Следак заиграл желваками.
— Сержант, вы издеваетесь?
— Нет. Отвечаю на ваши вопросы так, как вы их задаете. И сейчас еще раз,
Повисла тишина, а затем лейтенант заметил:
— Вы везучий парень, сержант. Вы оказались заперты в пылающей кабине с заклинившей катапультой. Ваш бронеход выгорел дотла, а вы отделались легкими ожогами менее чем двадцати процентов тела. Всего две незначительные пересадки кожи. Везение сказочное, я бы сказал.
— Я просто успел катапультироваться, — ответил я, пожав незабинтованным плечом, — что тут странного?
— В том, что вы катапультировались — ничего. Но при этом вы составляете рапорт, из которого следует, что огонь на себя вызвал ваш напарник, чье кресло пробито осколками и валяется хрен знает где, а он сам — в другом месте, хотя должен был быть в кресле. При этом командир батареи уверен, что слышал ваш голос, а не Малевича. Нет, я понимаю, что всему есть свое объяснение, но тут слишком много странных событий на единицу площади и времени, так сказать…

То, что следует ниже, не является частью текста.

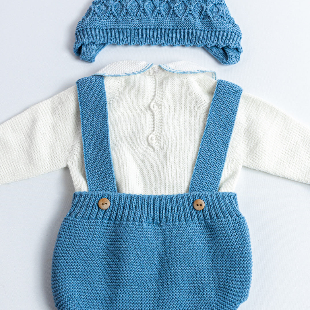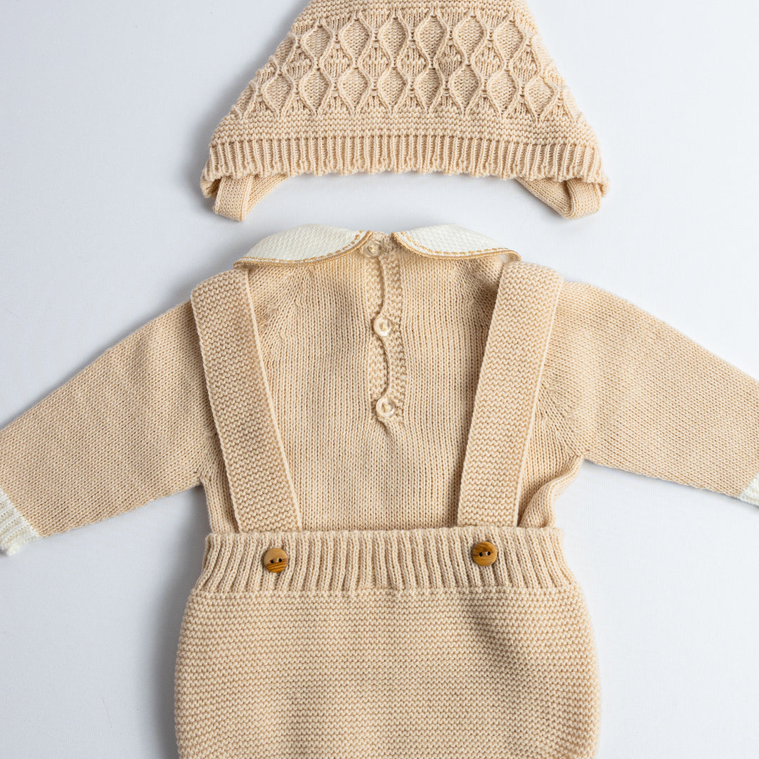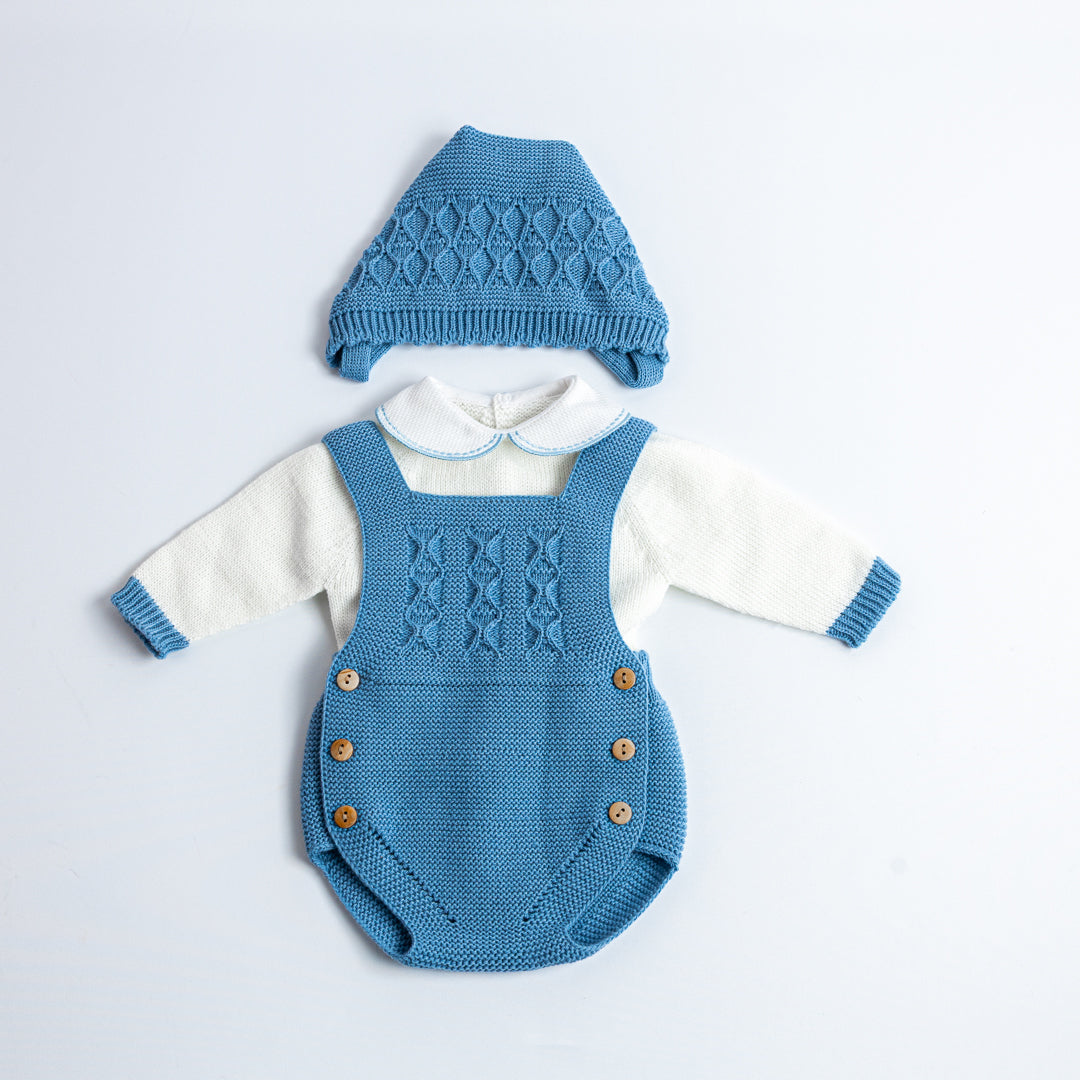 Conjunto de tres piezas tejido en punto bobo, compuesto por jersey de manga larga con cuello bebé, ranita con tirantes cruzados y capota a juego. El delantero luce un delicado calado con ochos, acompañado de botones de madera en los laterales, que aportan un toque artesanal y elegante. Disponible en azul clásico y en beige almendra, ambos tonos atemporales y fáciles de combinar.

— Постойте… Так вы все же подозреваете меня… Погодите. Я понимаю, что командир, вернувшийся без отряда и машины, поневоле вызовет интерес отдела внутренних расследований, но… Лейтенант, вы подозреваете меня в том, что… что это я вызвал огонь на себя, а не Малевич?!
— Это все бы объяснило, — пожал плечами Радонич. — Послушайте, сержант, еще раз повторю: я вообще ничего против вас не имею и если бы это мне на стол легло представление на награждение Малевича — я бы почитал рапорт и бацнул печать «Подтверждено». Но правила придуманы не мною, я просто добросовестно выполняю свою работу.
— Тогда вам осталось объяснить, как я выжил, вызвав огонь на себя…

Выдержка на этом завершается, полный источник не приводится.